Le lendemain de la fête débutait le petit carême, période de jeune qui précédait Noël, ou l’Avent chez les peuples germaniques. Ainsi, Saint Martin constitue le premier des Saint solsticiaux et tout en clôturant le cycle d’hommage aux morts, et celui de l’année agro-pastorale écoulée, il marquait le commencement du cycle liturgique de Noël.

Comment célébrer l’automne aujourd’hui ?

Si malheureusement les traditions agraires, dans un environnement principalement citadin et dans le cadre d’une agriculture industrialisée, ont perdu tout sens pour la plupart d’entre nous, elles méritent cependant d’être connues. Elles ont rythmé la vie de nos aïeux qui passaient leur existence à cultiver la terre. Nos morts nous obligent. L’automne est un moment propice pour organiser une randonnée au milieu des champs et des vignes et confectionner des objets avec une gerbe de blé qui seront conservés au sein du foyer. Que ceux qui habitent à la campagne et bénéficient de quelques récoltes n’oublient pas de laisser la « part des oiseaux » au sommet des branches des arbres fruitiers. La célébration de l’équinoxe le jour dit où lors de la Saint Michel peut faire l’objet d’une fête accompagnée d’un banquet où des brasiers seront allumés à la tombée de la nuit. Période du déclin apparent des choses et du développement conjoint de l’intériorité, elle est propice aux prises de décision pour l’année à venir.

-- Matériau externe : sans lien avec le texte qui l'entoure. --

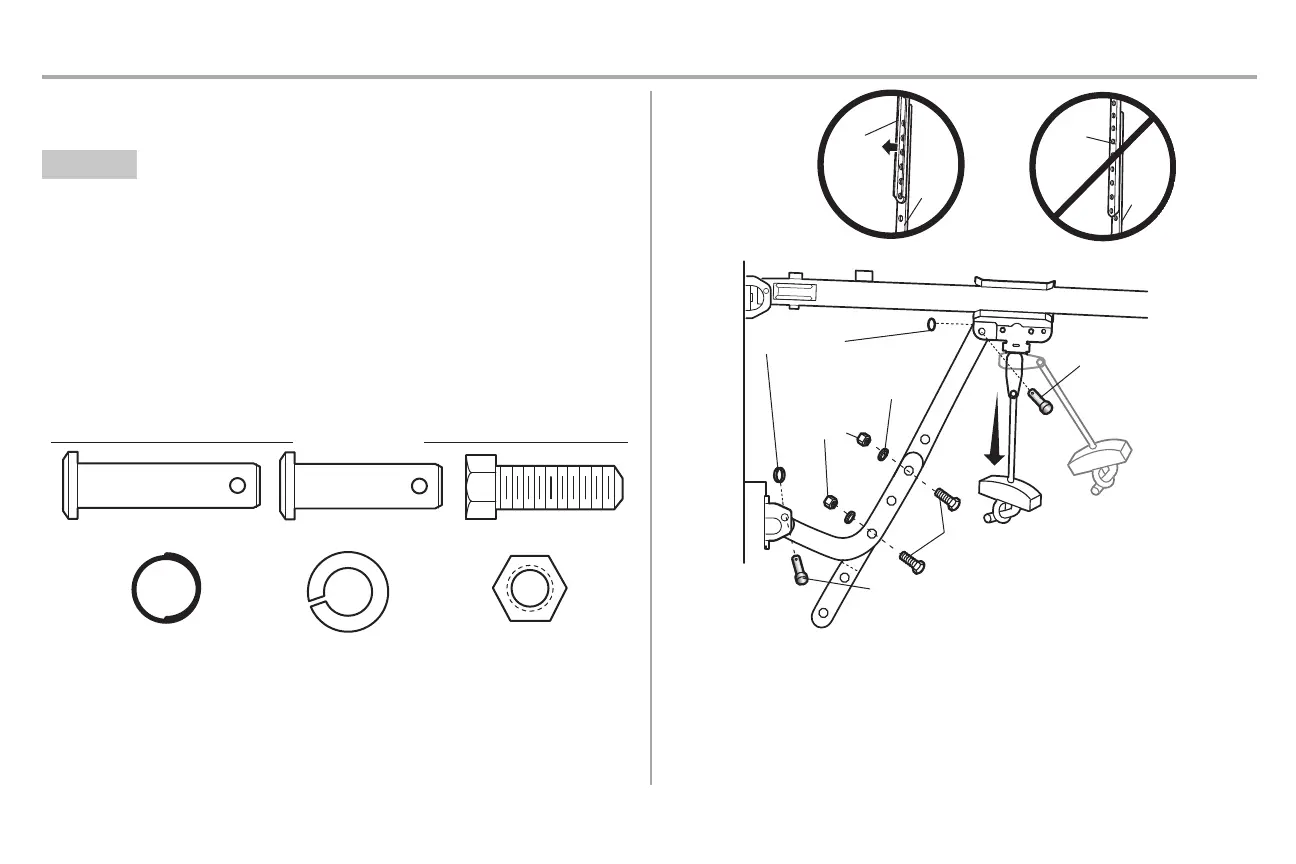 3. Attach the curved door arm to the door bracketusing the clevispin. Secure with the ring fastener.

Concernant le culte des morts, notre calendrier chrétien et républicain a conservé une structure permettant de le célébrer comme il se doit. Les festivités débutent la nuit du 31 octobre et le culte des morts se poursuit ensuite jusqu’à la saint Martin au 11 novembre. C’est évidemment un moment idéal pour transmettre aux enfants : il s’agira de parler de l’histoire familiale en évoquant les morts de la famille, afin d’affermir le sentiment d’appartenance à une lignée qui oblige aussi bien envers le passé – les défunts – que le futur – les enfants à naître. La visite du cimetière, la participation à l’entretien des tombes, concourent à faire comprendre qu’il existe deux morts : la première, celle du corps et de l’âme, la seconde, plus triste, plus froide : l’oubli. Il peut être par exemple possible d’offrir aux jeunes enfants un arbre généalogique qu’on étoffera au fil des années. Peu à peu, on évoque les morts illustres, qu’ils fussent intellectuels, artistes, politiciens, inventeurs ou explorateurs, ainsi que les héros guerriers, répondant en cela à la tripartition traditionnelle des indo-européens. On peut aussi raconter des contes traditionnels faisant intervenir des revenants.

Nos anciennes traditions habitent encore l’Europe, elles sont à portée de main. Il nous importe de les faire vivre tout en les adaptant à notre temps. Il faut bien sûr fréquenter les foires automnales régionales où soufflent encore parfois le vent lointain de la tradition et aussi les cérémonies du 11 novembre dans nos villages.  La célébration du culte des morts dans le cadre familial et communautaire raffermit les liens de la famille et du clan, mais sans la nature comme socle – socle profondément ancrée – un pan immense de nos plus antiques traditions nous échappera et nous demeurerons déracinés.